After more than a year with the lights out, the Twilite Lounge reopened on March 22 with its famous frozen Irish coffees and cool courtyard patio. Masks are required. Sit at your table and stay put, unless heading to the bathroom. In other words, try not to mill about the place. Live music isn’t back just yet. Baby steps, y’all. Welcome back to the Twilite zone.

High-End Sushi and Fancy Cocktails Arrive Downtown

After debuting Monarch, the latest of a string of restaurants to open inside the new Thompson Dallas hotel, chef-restaurateur Danny Grant’s upscale sushi restaurant opens today. Grant, who hails from the Michelin-starred halls of kitchens in Chicago, brings Kessaku to a floor above Monarch. It’s here that you can drop serious dough on $63 nigiri and a $145 cocktail made with an 18-year single malt Japanese whisky. Reservations are highly, extremely recommended.

The Vandelay Hospitality Group Takes Over a Former Houston’s

The prolific restaurant group behind Hudson House, East Hampton Sandwich Co., Drake’s Hollywood, and Lucky’s Hot Chicken continues its march to dining domination (kidding…). It’s remodeling a former Houston’s in Addison and will later this fall open Brentwood, which promises to bring “modern American cuisine with a particular emphasis on elevated southwestern fare.” At 5318 Belt Line Road, find a 6,800 square-foot space with a patio.

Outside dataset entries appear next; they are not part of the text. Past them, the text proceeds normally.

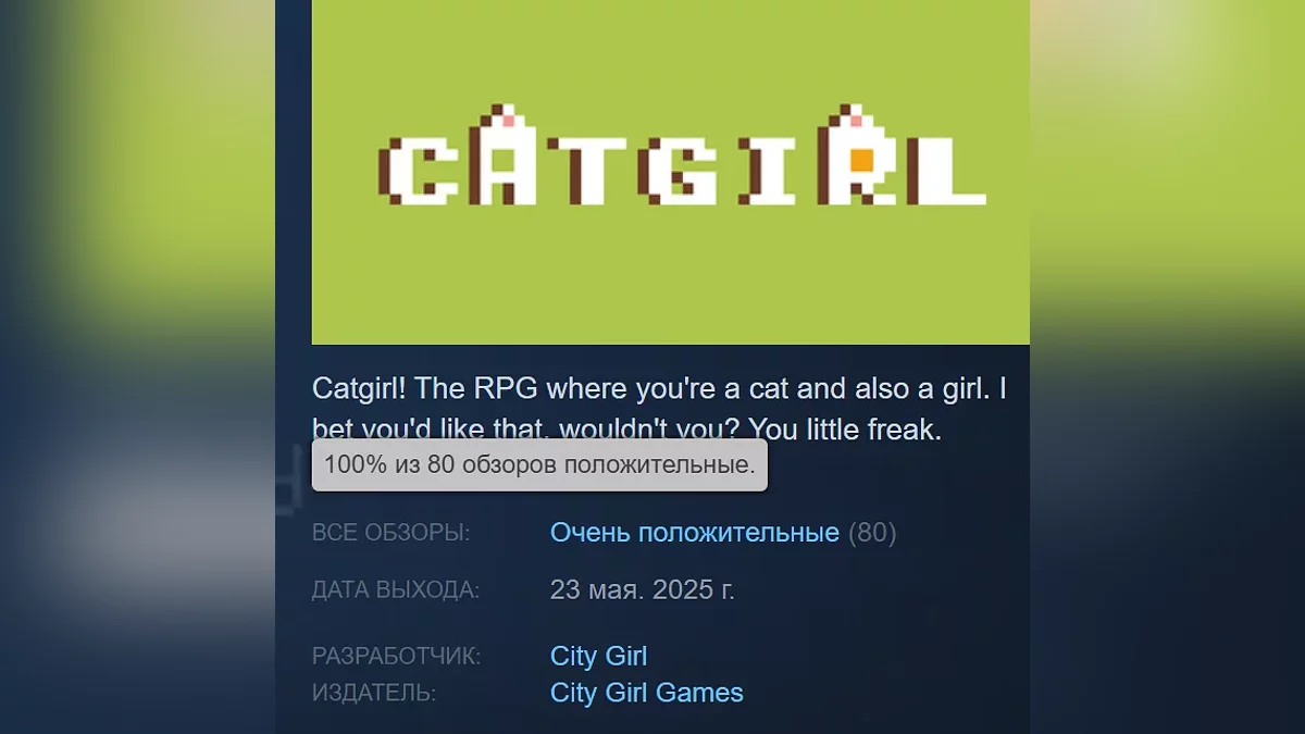 Catgirl — пиксельная RPG о девочке-кошке, которая должна спасти свою собаку, похищенную злой королевой. Игра получила 100% положительных отзывов. Страница в Steam.
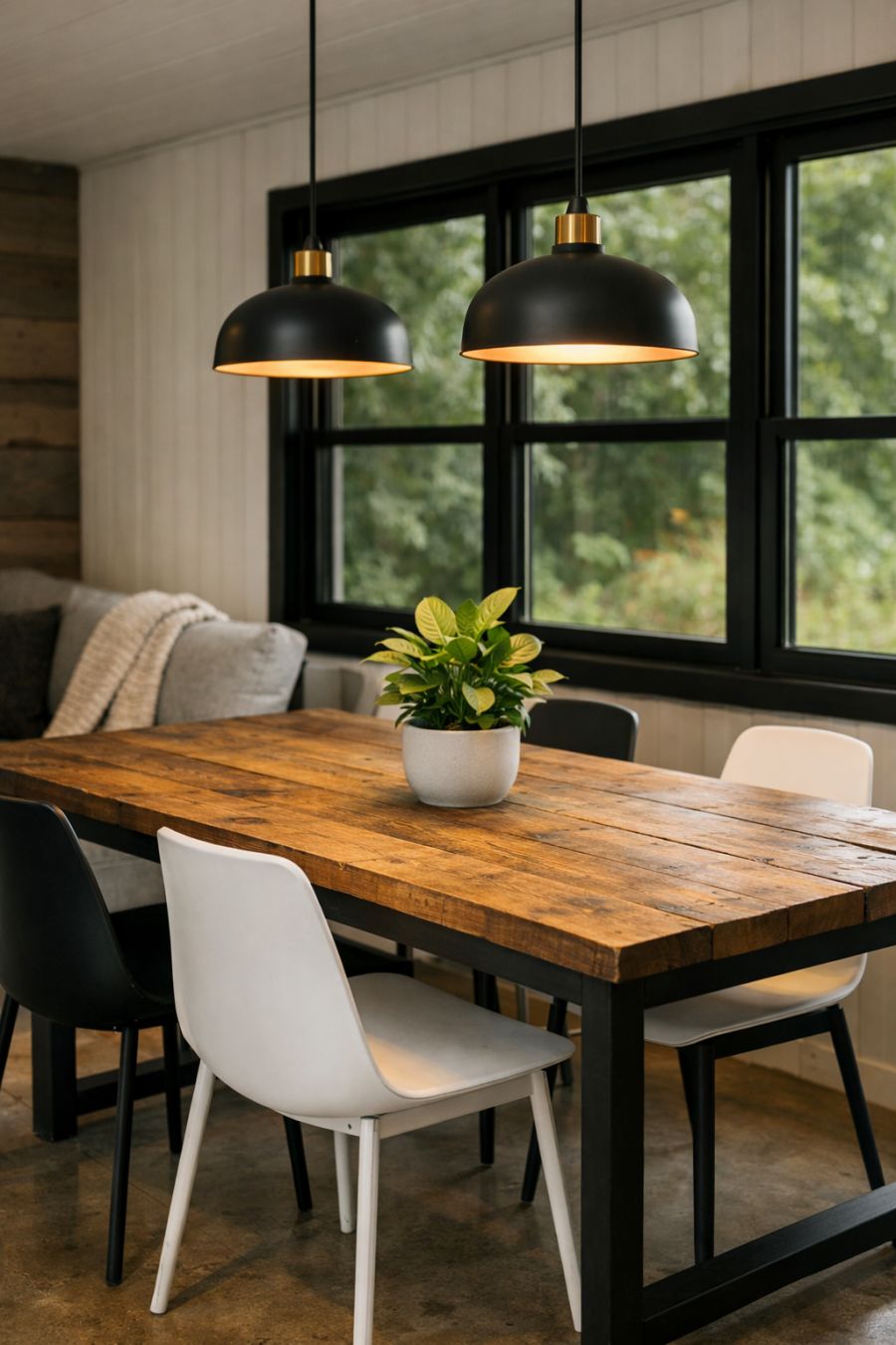 Adjacent to the living area, the dining space continues the theme of understated elegance. A sleek dining table made from reclaimed wood serves as the centerpiece, surrounded by modern chairs with simple, streamlined designs. The black-framed windows provide a visual link to the exterior, while pendant lighting above the table casts a warm glow, creating an inviting atmosphere for meals. The minimalist décor is punctuated by a single potted plant on the table, adding a touch of nature and vibrancy to the otherwise serene space.
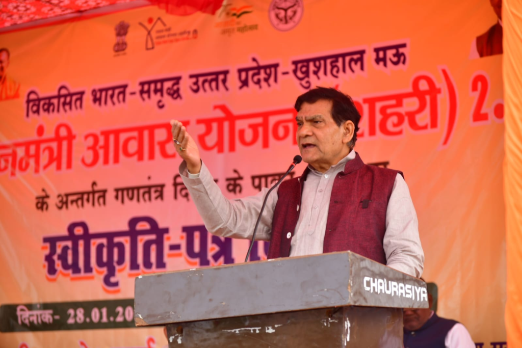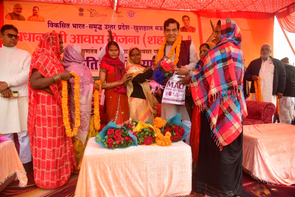 नगर विकास एवं ऊर्जा मंत्री ए.के. शर्मा ने मऊ(Mau) भ्रमण के दौरान नगर पालिका परिषद मऊ क्षेत्र के अंतर्गत प्रधानमंत्री आवास योजना (शहरी) 2.0 के लाभार्थियों को स्वीकृति पत्र वितरित किए। स्थानीय बहुद्देशीय भवन मंगलम में आयोजित कार्यक्रम को संबोधित करते हुए मंत्री ने प्रधानमंत्री नरेंद्र मोदी के प्रति आभार व्यक्त किया और कहा कि आज़ादी के बाद पहली बार समाज के अंतिम पायदान पर खड़े व्यक्ति की मूलभूत जरूरतों—रोटी, कपड़ा और मकान—को प्राथमिकता के साथ पूरा किया जा रहा है।

An onsite bakery will produce jalapeño cornbread, brioche breads, and rosemary focaccia, all to compliment dishes like slow-cooked rotisserie meats, steaks, pizza, and more. Stay tuned for updates as we have them.

20 Feet Seafood Joint Closes in East Dallas

The perennial favorite for a great basket of fish and chips shuttered for good this month. Count Marc Cassel’s White Rock-area spot among a legion of pandemic casualties. It closed down a year ago, back when COVID-19 induced dining room closures everywhere. Unlike others, though, 20 Feet closed and stayed closed “after lease negotiations couldn’t be resolved,” reports the Dallas Morning News. We don’t think it’s the last we’ll see from Cassel (or his french fries, which boasts a loyal following).

The Ginger Man Has Been Bulldozed

In more sad news, the Uptown beer bar is demolished. A moment of silence for this creaky pile of wood. I have but only a handful of pre-pandemic Dallas memories and downing pints of beer in a crowded room at the Ginger Man is one of them. A folk band was jamming in the corner by the bar. Upstairs, on the not-quite-outside, but not-quite-safe-from-cold-breezes patio, every squeaky step was felt. There, groups (!) drank and played board games and asked strangers (!!) to take pictures of them with their smartphone as though it wasn’t a glassy brick of bacteria. Those were the times! Now those times are reduced to rubble. Stream Realty bought the property at Boll and Howell streets in February 2020, and it’ll eventually become part of the redeveloped Quadrangle project.